Département de biochimie et génomique fonctionnelle, Faculté de médecine et des sciences de la santé, Université de Sherbrooke, Sherbrooke, QC J1E 4K8, Canada.
Département de microbiologie et d'infectiologie, Faculté de médecine et des sciences de la santé, Université de Sherbrooke, Sherbrooke, QC J1E 4K8, Canada.
Nucleic Acids Res. 2020 Mar 18;48(5):2271-2286. doi: 10.1093/nar/gkaa028.

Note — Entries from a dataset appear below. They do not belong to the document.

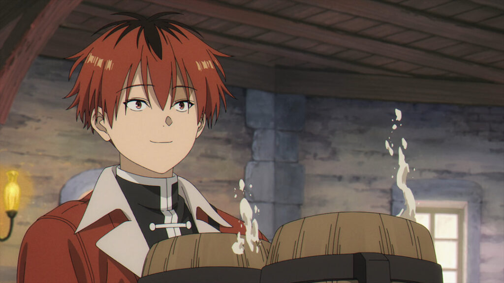 - our red-haired boy, fishing again, while Frieren makes fire โwith a crystal and the ax as a Flintstone, not with magic!!!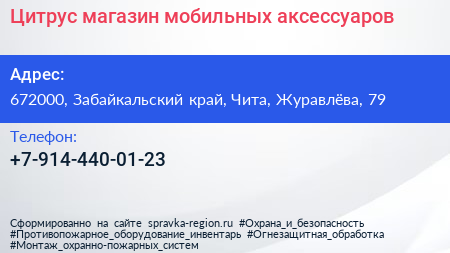Цитрус, магазин мобильных аксессуаров по адресу 672000, Забайкальский край, Чита, Журавлёва, 79 в дальнейшем Организация, размещена в следующих категориях: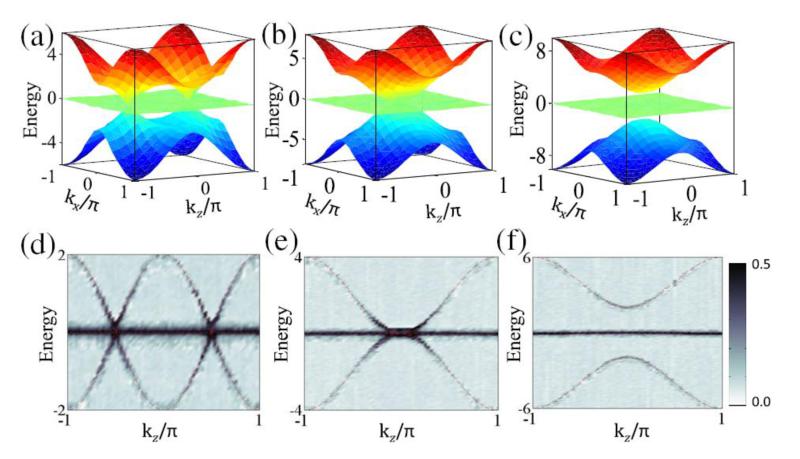 最近朱诗亮小组提出一个具有三重简并的新拓扑金属能带结构,称为麦克斯韦金属[Y.-Q. Zhu et al., Phys. Rev. A 96,033634 (2017)]。该能带结构如图2所示,它具有3带结构,特别是具有3重简并。在该3重简并点的色散关系为线性的,因此相应的准粒子激发可以是(赝)自旋为1的相对性费米子,可以证明要用麦克斯韦方程描述,因此被称为麦克斯韦费米子。该3重简并点也因此被称为麦克斯韦点。由于中间平带的存在,当费米能在麦克斯韦点附近时,体系是金属特性。和通常的狄拉克点和外尔点不同,麦克斯韦点具有非平庸的拓扑陈数2,并且体系具有两条费米弧。随着系统参数的变化,麦克斯韦金属发生拓扑相变,麦克斯韦点可以湮灭,变化到平庸的绝缘体。
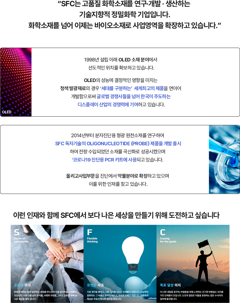 ㆍ문의처 : 인사담당자 (jykim4@sfc-dye.com) 메일, (043-280-9518) 전화 또는 홈페이지 채용 문의 이용홈페이지 지원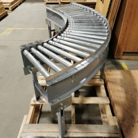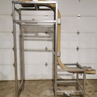 This 90 degree conveyor is 6' long at the infeed and 12' long from the 90 to the end. The conveyor is currently on an incline and goes from 16" to a discharge height of approximately 28". The belt is a 7.5" wide table top chain. The conveyor channel is stainless steel with a single guide rail running the length. In good condition.
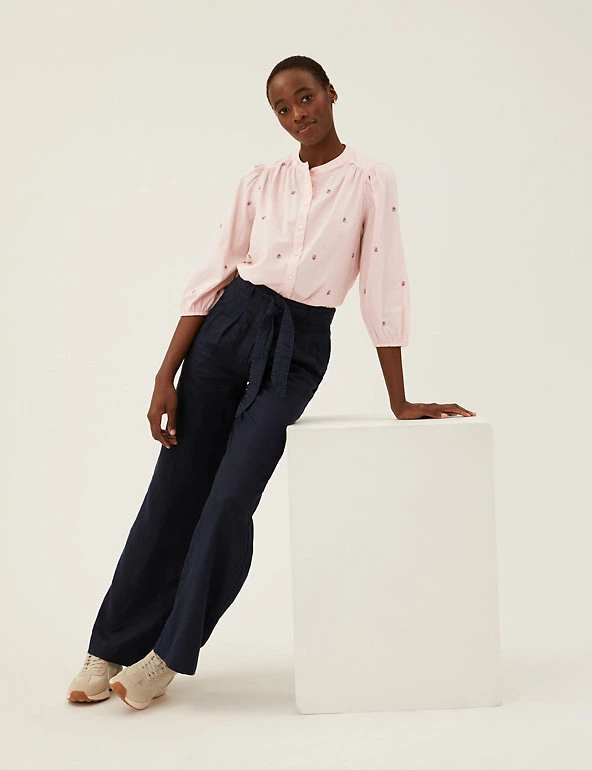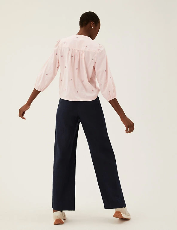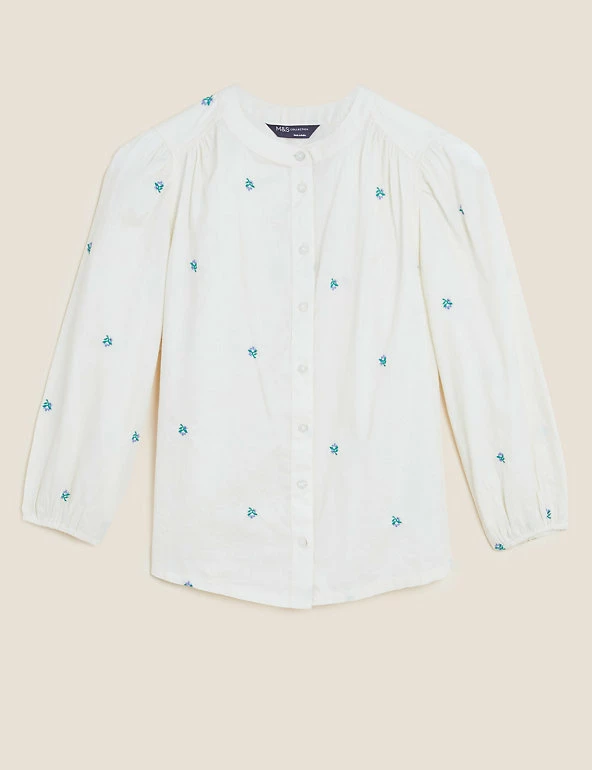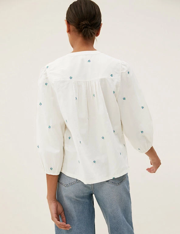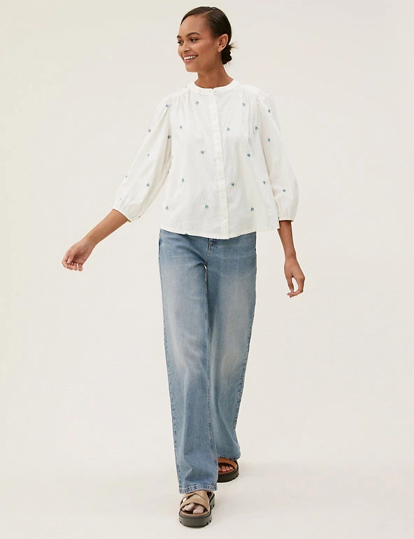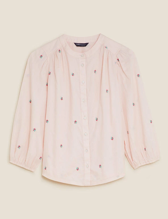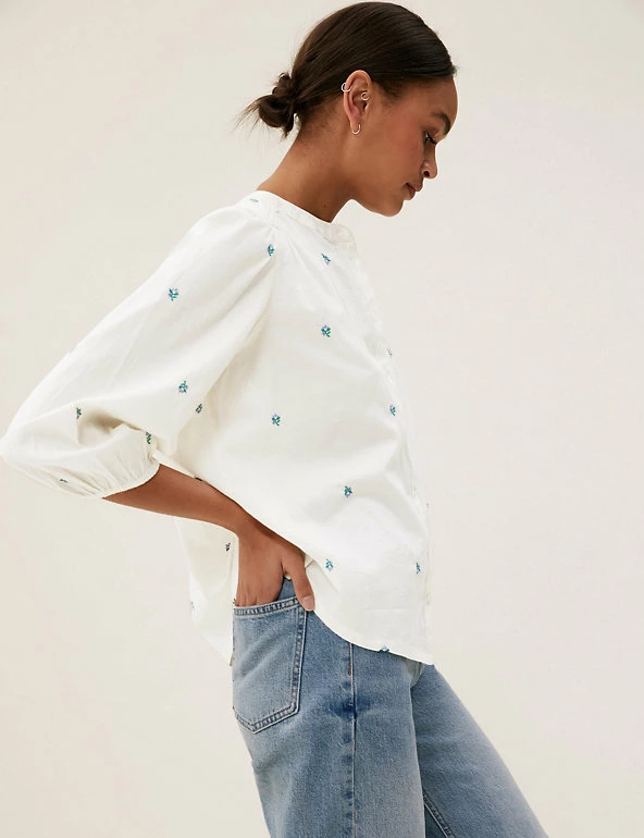 We’ve embroidered dainty flowers all over this pure cotton blouse for an intricate effect. Regular fit, with a button-through fastening. Three quarter-length sleeves and a high neck for a neat finish. We only ever use responsibly sourced cotton for our clothes.

The study of RNA expression is the fastest growing area of genomic research. However, despite the dramatic increase in the number of sequenced transcriptomes, we still do not have accurate estimates of the number and expression levels of non-coding RNA genes. Non-coding transcripts are often overlooked due to incomplete genome annotation. In this study, we use annotation-independent detection of RNA reads generated using a reverse transcriptase with low structure bias to identify non-coding RNA. Transcripts between 20 and 500 nucleotides were filtered and crosschecked with non-coding RNA annotations revealing 111 non-annotated non-coding RNAs expressed in different cell lines and tissues. Inspecting the sequence and structural features of these transcripts indicated that 60% of these transcripts correspond to new snoRNA and tRNA-like genes. The identified genes exhibited features of their respective families in terms of structure, expression, conservation and response to depletion of interacting proteins. Together, our data reveal a new group of RNA that are difficult to detect using standard gene prediction and RNA sequencing techniques, suggesting that reliance on actual gene annotation and sequencing techniques distorts the perceived architecture of the human transcriptome.
RNA 表达研究是基因组研究中发展最快的领域。然而,尽管转录组测序数量急剧增加,但我们仍然无法准确估计非编码 RNA 基因的数量和表达水平。由于基因组注释不完整,非编码转录本经常被忽视。在这项研究中,我们使用反转录酶进行 RNA reads 的无注释检测,以识别非编码 RNA。筛选出 20 到 500 个核苷酸的转录本,并与非编码 RNA 注释进行交叉检查,结果显示在不同的细胞系和组织中表达了 111 个未注释的非编码 RNA。检查这些转录本的序列和结构特征表明,其中 60%的转录本对应于新的 snoRNA 和 tRNA 样基因。鉴定出的基因在结构、表达、保守性和对相互作用蛋白缺失的反应方面表现出各自家族的特征。总之,我们的数据揭示了一组新的 RNA,这些 RNA 很难用标准的基因预测和 RNA 测序技术检测到,这表明依赖于实际的基因注释和测序技术会扭曲人们对人类转录组结构的认识。